Abdulbakî Gölpınarlı
Ve onlara öyle arkadaşlar hazırladık ve verdik ki önlerindeki dünya işlerini ve artlarındaki ahireti inkar etmeyi bezediler onlara ve onlardan önce, cinlerden ve insanlardan gelip geçmiş ümmetler arasında azap hükmünü hakettiler, şüphe yok ki onlar, ziyana uğrayanlardandı.
Öztürk
Biz onları birtakım yakınlarla/dostlarla çevreleyip sardık da onlar, önlerinde ve arkalarında ne varsa bunlara süslü gösterdiler. Kendilerinden önceki cin ve insan ümmetleri için hak olan söz, bunlar aleyhine de hak oldu. Çünkü bunlar, hüsrana uğrayanlardı.
Çeviriyazı
veḳayyaḍnâ lehüm ḳuranâe fezeyyenû lehüm mâ beyne eydîhim vemâ ḫalfehüm veḥaḳḳa `aleyhimü-lḳavlü fî ümemin ḳad ḫalet min ḳablihim mine-lcinni vel'ins. innehüm kânû ḫâsirîn.
Diyanet Vakfı
Biz onlara birtakım arkadaşlar musallat ettik de onlar önlerinde ve arkalarında ne varsa hepsini bunlara süslü gösterdiler.

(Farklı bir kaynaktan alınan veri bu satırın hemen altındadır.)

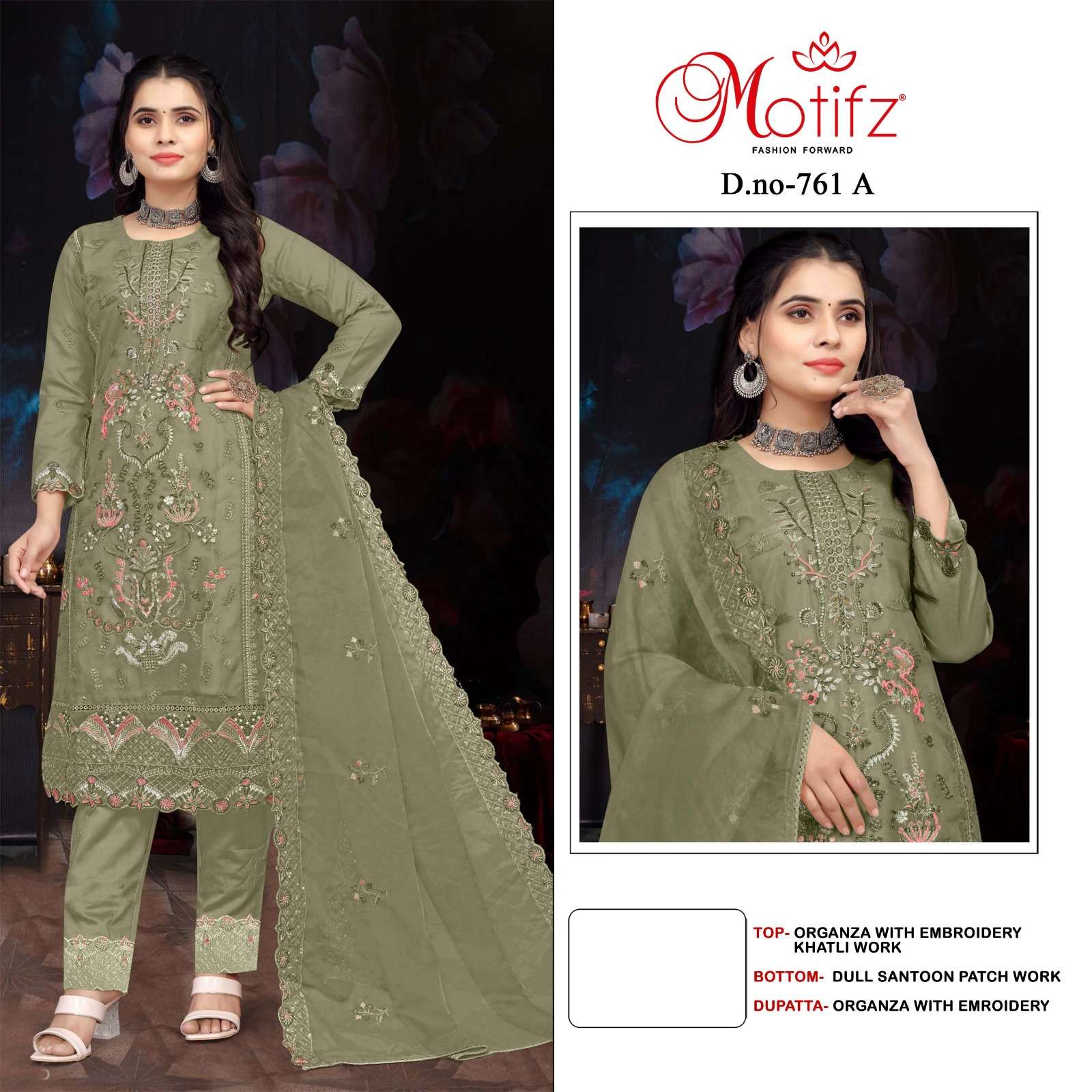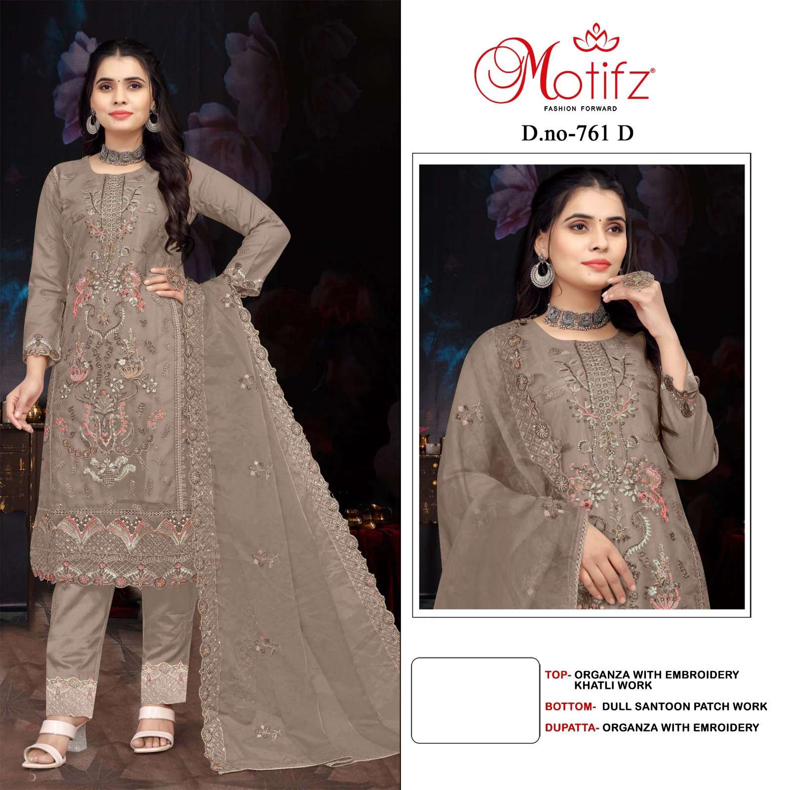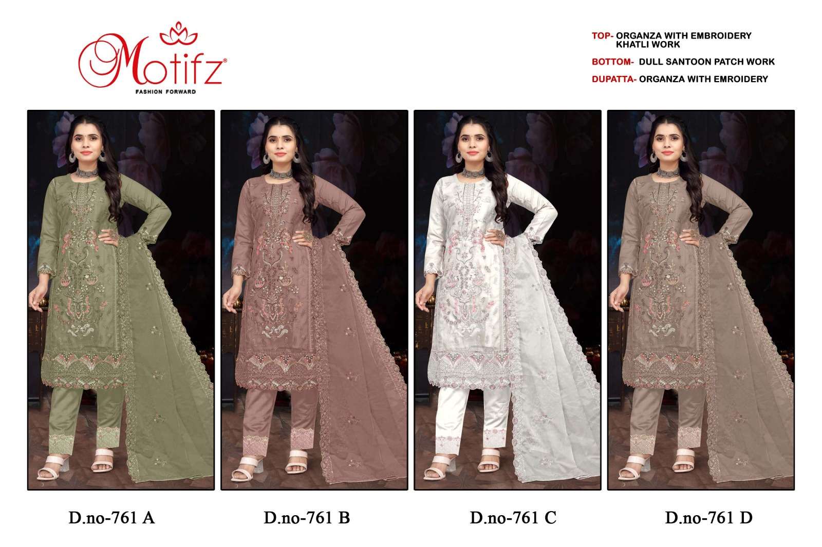 Buy Online Design NO 761 by motifz suit collection manufacturer surat 4 Pcs of Full Catalogue at Wholesale Price. Looking for Design NO 761 by motifz suit collection manufacturer surat Full Catalouge at Best Price? Buy Now Design NO 761 by motifz suit collection manufacturer surat at Wholesale Rate of Rs 4960 with Total 4 Pcs from authroized dealer and supplier of BRAND'S Brand. Cost of Each piece is just only Rs 1240 which is very low and affordable price to resale the product in your retail store ,This is Surat based Wholesale Supplier & Dealer of BRAND'S Brand. Click on Brand name to Know more about BRAND'S Brand's products.Call or Whatsapp on 9898838984 for booking or enquiry

Kendilerinden önce gelip geçmiş olan cinler ve insanlar için (uygulanan) azap onlara da gerekli olmuştur. Kuşkusuz onlar hüsrana düşenlerdi.
Elmalılı Hamdi Yazır
Biz onlara birtakım arkadaşlar musallat ettik de onlar kendilerine önlerinde ve arkalarında ne varsa hepsini güzel gösterdiler. Böylece kendilerinden önce gelip, geçmiş olan cin ve insan toplulukları hakkındaki, azab sözü onlar için de hak oldu. Doğrusu onların hepsi de kendilerine yazık etmişlerdir.
Suat Yıldırım
Biz onların yanına birtakım arkadaşlar katarız. Bunlar, onların önlerinde ve arkalarında ne varsa yaptıkları her türlü işi süsler, cazip gösterirler.Böylece cinlerden ve insanlardan gelmiş geçmiş toplumlar hakkında yürürlükte olan cezalandırma hükmü, onlar hakkında da gerekli olur.Çünkü onların hepsi kendilerini hüsrana atmışlardı. [43,36-37]
Edip Yüksel
Geçmişlerini ve geleceklerini onlara güzel gösteren birtakım arkadaşları onlara atadık. Kendilerinden önce gelip geçmiş cin ve insan toplumları için gerçekleşen o söz kendileri için de geçerli oldu. Onlar kaybetmişlerdi.